Przy czym co jest w sztuce najbardziej porusza­jące to te krótkie momen­ty kiedy Lear odzysku­je świado­mość. Zwierz dawno nie był tak porus­zony w teatrze niż w sce­nie, kiedy Lear mówi do swo­jego błaz­na “O, let me not be mad”. Ton, jakim mówi to aktor i spo­jrze­nie błaz­na dają porusza­ją­cy efekt. Jak­by Lear po raz pier­wszy wypowiadał coś, czego się bał.  Co więcej mówiąc to potwierdza, że zda­je sobie sprawę iż traci nad sobą kon­trolę i że jego wybuchy gniewu są z tym związane (nakazu­je sam sobie spokój ale nie jest w stanie dotrzy­mać tej obiet­ni­cy.) Zresztą kil­ka scen później, kiedy prag­nie pogroz­ić córkom i nie jest w stanie skończyć zda­nia ori­en­tu­jąc się, że nie ma już żad­nej mocy ani nad nimi ani nad sobą — och jaka to jest porusza­ją­ca sce­na w której nagle uderza nas bezrad­ność nie tyle króla co starego człowieka, który nie do koń­ca wie jak znalazł się w tej sytu­acji. Zresztą chwaląc po raz kole­jny Rus­sela Beale — jak on doskonale roz­gry­wa to wszys­tko jedynie zmieni­a­jąc ton gło­su. Kiedy sam siebie uspoka­ja, kiedy mówi tym łagod­nym głosem starszego człowieka, który tak kon­trastu­je z jego wykrzyki­wany­mi monologa­mi. Ile w tym jest bezrad­noś­ci, zde­zori­en­towa­nia, nawet trochę stra­chu. Przy czym to jest abso­lut­nie peł­na kreac­ja aktors­ka — jed­na z najlep­szych, jakie zwierz kiedykol­wiek widzi­ał. Twór­cy przyz­na­ją się, że  zde­cy­dowali się iść tropem diag­nozu­ją­cym u Leara chorobę pokrewną do Parkin­sona. I jak znakomi­cie to widać w ruchach i ges­tach akto­ra. Iluż przed nim grało Leara sza­leń­ca, posuwa­jąc się do wypróbowanych gestów i póz. Ale tu Lear z każdą min­utą sztu­ki odrobinę gorzej chodzi, odrobine częś­ciej drapie się po nodze, spoglą­da na drżące dłonie.

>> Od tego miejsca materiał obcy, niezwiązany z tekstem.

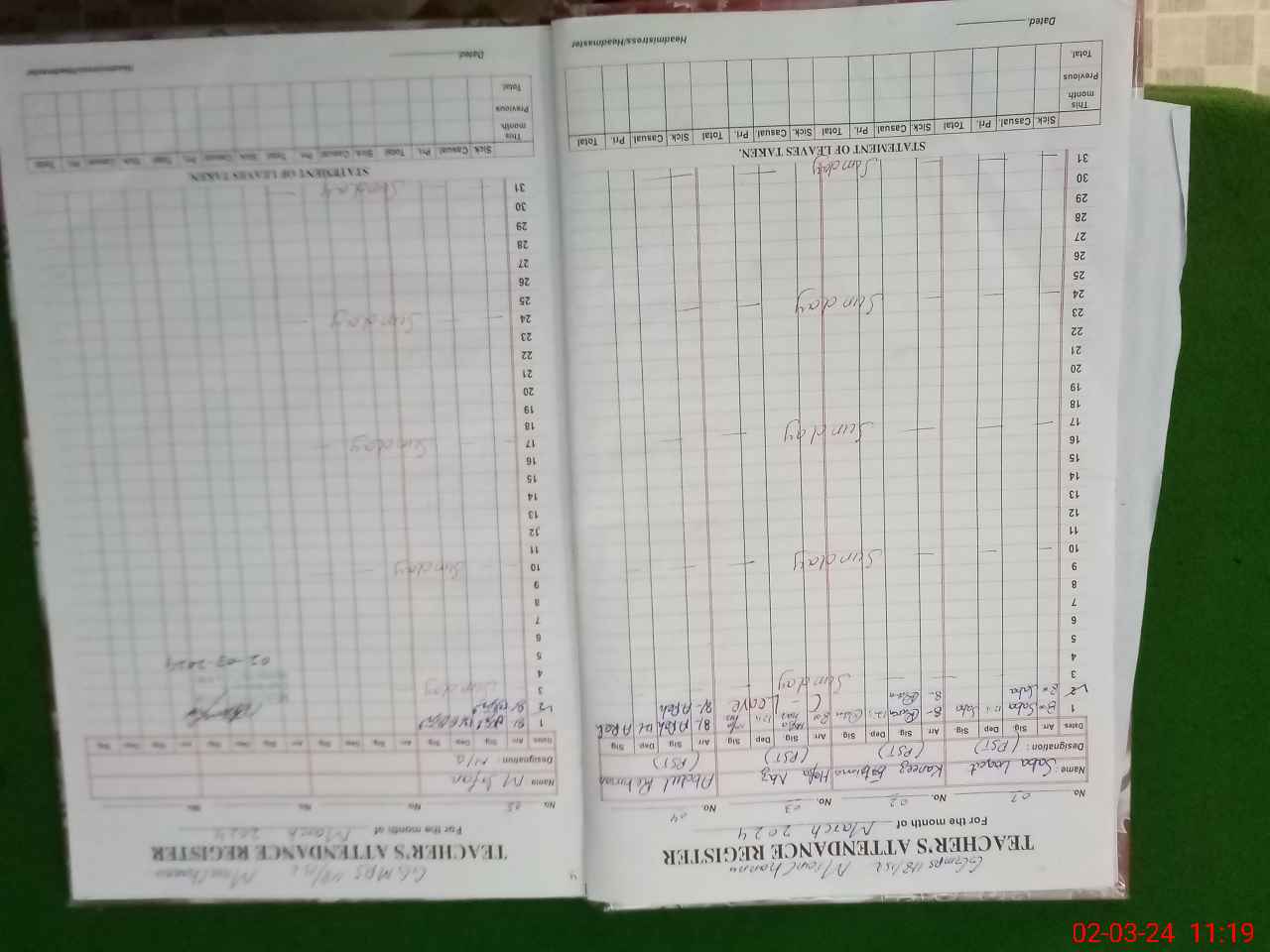 | CNIC | Full Name | Designation | R/C | Absence During Last Calender Month |
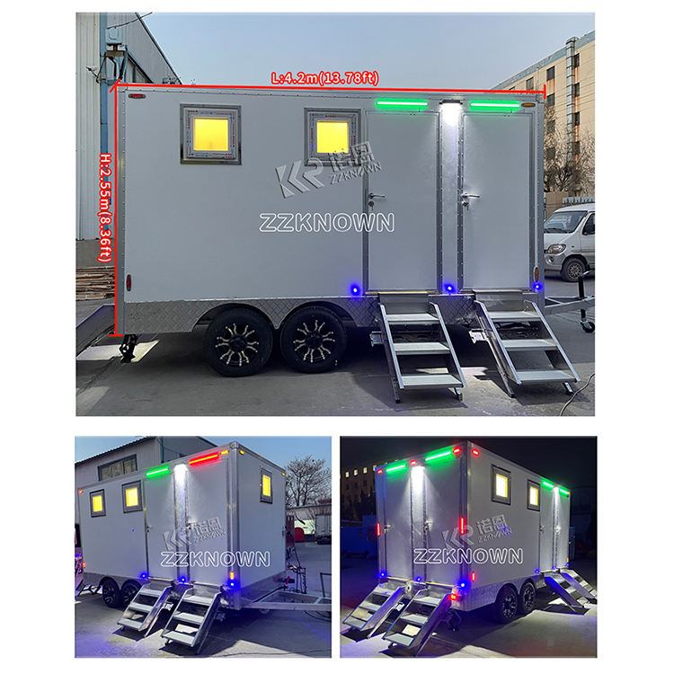 WC mobile et remorque sanitaire moderne, toilettes portables avec douche pour le camping, la construction et les activités de plein air
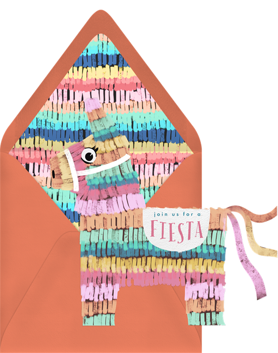 Is someone daydreaming of a fiesta for their birthday? This birthday party invite features bright colors and a fun donkey piñata covered in rainbow stripes. So put on your best party hat, stuff your piñata full of candy (good luck with that by the way), and enjoy this fiesta de cumpleaños.

Widać te wszys­tkie fizy­czne symp­to­my choro­by. Jest to tak dobrze zagrane że kiedy aktor pojaw­ił się do oklasków zwierz poczuł niesamow­ity dyso­nans widząc jak wbie­ga na scenę. Prze­cież Lear potrze­bu­je by ktoś prowadz­ił go za rękę.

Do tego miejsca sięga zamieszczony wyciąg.